_Work request_. Exact copy, no pictures: return only the lines below from the line with "Material do Calceiro" up to and including the line with "Bukti Withdraw ( 2,200,000,- )".

*** Given information Section Begins ***

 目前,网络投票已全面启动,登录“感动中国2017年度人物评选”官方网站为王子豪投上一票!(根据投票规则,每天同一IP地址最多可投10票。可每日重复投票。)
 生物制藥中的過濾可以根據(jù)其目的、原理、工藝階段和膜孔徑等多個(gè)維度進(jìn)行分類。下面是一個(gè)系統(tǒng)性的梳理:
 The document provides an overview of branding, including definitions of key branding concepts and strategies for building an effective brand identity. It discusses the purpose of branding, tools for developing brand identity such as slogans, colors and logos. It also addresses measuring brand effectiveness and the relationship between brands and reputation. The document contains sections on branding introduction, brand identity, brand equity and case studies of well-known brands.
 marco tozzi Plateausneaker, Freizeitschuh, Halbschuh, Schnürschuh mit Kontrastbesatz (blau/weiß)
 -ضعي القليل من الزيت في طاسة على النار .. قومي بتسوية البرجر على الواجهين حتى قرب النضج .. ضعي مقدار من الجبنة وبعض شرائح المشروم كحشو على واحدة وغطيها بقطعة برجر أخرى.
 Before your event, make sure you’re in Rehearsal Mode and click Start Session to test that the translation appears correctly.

*** Given information Section Ends ***
*** Given information Section Begins ***

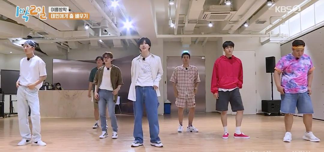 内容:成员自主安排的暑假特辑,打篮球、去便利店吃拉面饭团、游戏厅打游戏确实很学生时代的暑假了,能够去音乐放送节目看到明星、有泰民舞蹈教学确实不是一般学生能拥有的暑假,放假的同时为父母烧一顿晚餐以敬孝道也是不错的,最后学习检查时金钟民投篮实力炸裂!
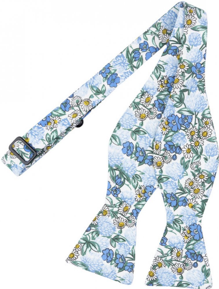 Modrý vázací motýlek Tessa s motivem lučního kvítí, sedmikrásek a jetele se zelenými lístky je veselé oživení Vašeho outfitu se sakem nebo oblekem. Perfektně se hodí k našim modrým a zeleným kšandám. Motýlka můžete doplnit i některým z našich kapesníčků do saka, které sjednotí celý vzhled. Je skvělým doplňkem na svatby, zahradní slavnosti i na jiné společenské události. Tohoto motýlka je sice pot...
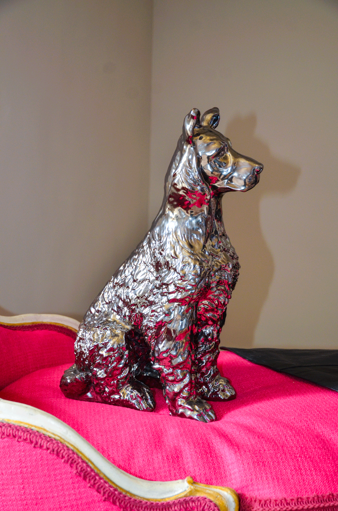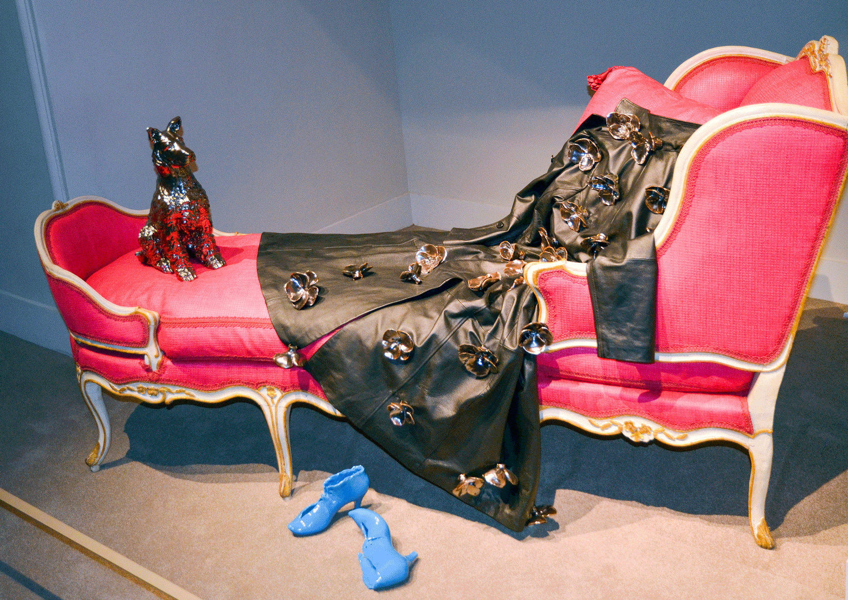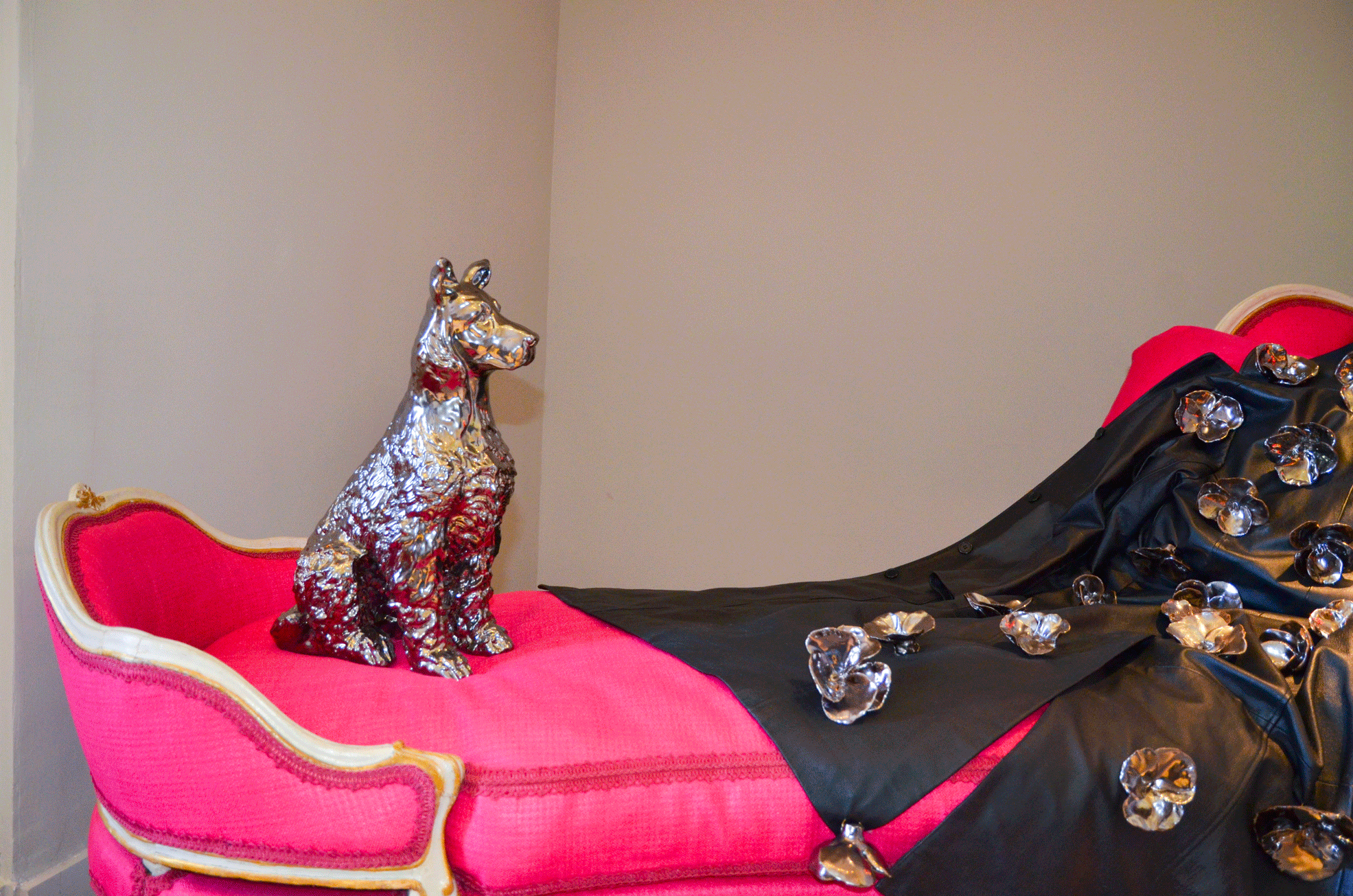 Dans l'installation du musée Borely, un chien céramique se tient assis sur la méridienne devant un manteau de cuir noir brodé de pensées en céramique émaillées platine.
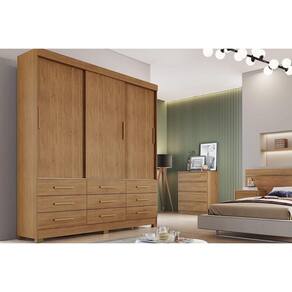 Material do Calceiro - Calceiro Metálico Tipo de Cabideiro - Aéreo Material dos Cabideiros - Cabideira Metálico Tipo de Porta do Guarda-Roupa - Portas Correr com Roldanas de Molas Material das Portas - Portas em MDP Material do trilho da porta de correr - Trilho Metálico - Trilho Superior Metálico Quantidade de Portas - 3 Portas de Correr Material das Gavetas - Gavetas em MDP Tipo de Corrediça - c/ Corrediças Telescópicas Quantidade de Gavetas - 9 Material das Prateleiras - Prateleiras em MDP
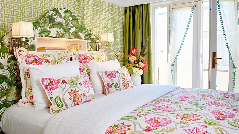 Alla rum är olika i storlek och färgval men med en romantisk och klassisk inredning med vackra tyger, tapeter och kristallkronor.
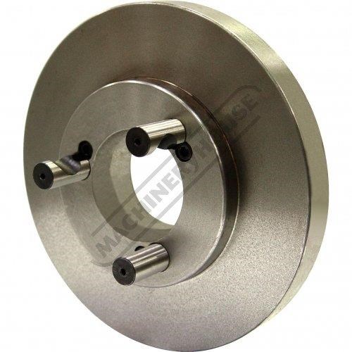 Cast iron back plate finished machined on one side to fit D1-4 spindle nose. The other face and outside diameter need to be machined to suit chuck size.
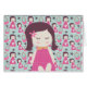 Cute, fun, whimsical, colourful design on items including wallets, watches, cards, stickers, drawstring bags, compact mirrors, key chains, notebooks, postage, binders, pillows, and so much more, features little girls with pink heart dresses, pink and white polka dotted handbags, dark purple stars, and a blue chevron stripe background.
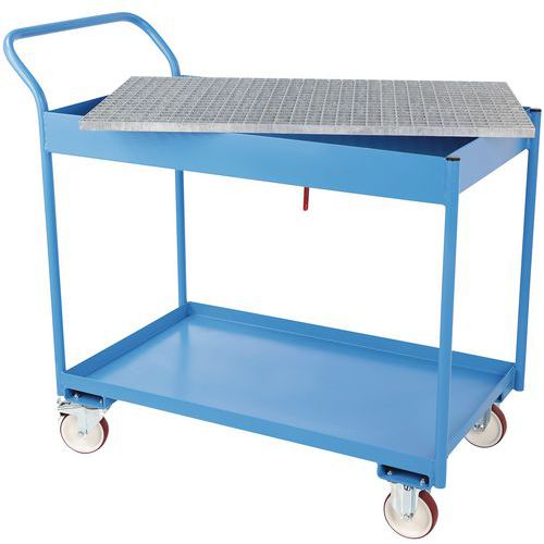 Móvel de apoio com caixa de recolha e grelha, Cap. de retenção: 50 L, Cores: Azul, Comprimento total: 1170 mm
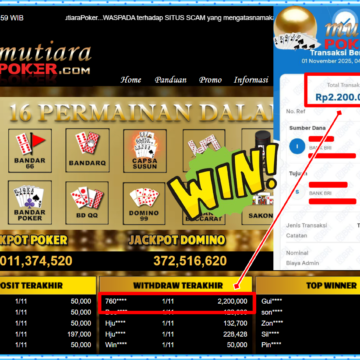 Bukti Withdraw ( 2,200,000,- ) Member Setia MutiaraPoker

*** Given information Section Ends ***
*** Given information Section Begins ***

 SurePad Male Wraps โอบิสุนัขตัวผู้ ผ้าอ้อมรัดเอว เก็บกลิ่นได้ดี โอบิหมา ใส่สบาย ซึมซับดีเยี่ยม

*** Given information Section Ends ***

_Reply_.
 Material do Calceiro - Calceiro Metálico Tipo de Cabideiro - Aéreo Material dos Cabideiros - Cabideira Metálico Tipo de Porta do Guarda-Roupa - Portas Correr com Roldanas de Molas Material das Portas - Portas em MDP Material do trilho da porta de correr - Trilho Metálico - Trilho Superior Metálico Quantidade de Portas - 3 Portas de Correr Material das Gavetas - Gavetas em MDP Tipo de Corrediça - c/ Corrediças Telescópicas Quantidade de Gavetas - 9 Material das Prateleiras - Prateleiras em MDP
 Alla rum är olika i storlek och färgval men med en romantisk och klassisk inredning med vackra tyger, tapeter och kristallkronor.
 Cast iron back plate finished machined on one side to fit D1-4 spindle nose. The other face and outside diameter need to be machined to suit chuck size.
 Cute, fun, whimsical, colourful design on items including wallets, watches, cards, stickers, drawstring bags, compact mirrors, key chains, notebooks, postage, binders, pillows, and so much more, features little girls with pink heart dresses, pink and white polka dotted handbags, dark purple stars, and a blue chevron stripe background.
 Móvel de apoio com caixa de recolha e grelha, Cap. de retenção: 50 L, Cores: Azul, Comprimento total: 1170 mm
 Bukti Withdraw ( 2,200,000,- ) Member Setia MutiaraPoker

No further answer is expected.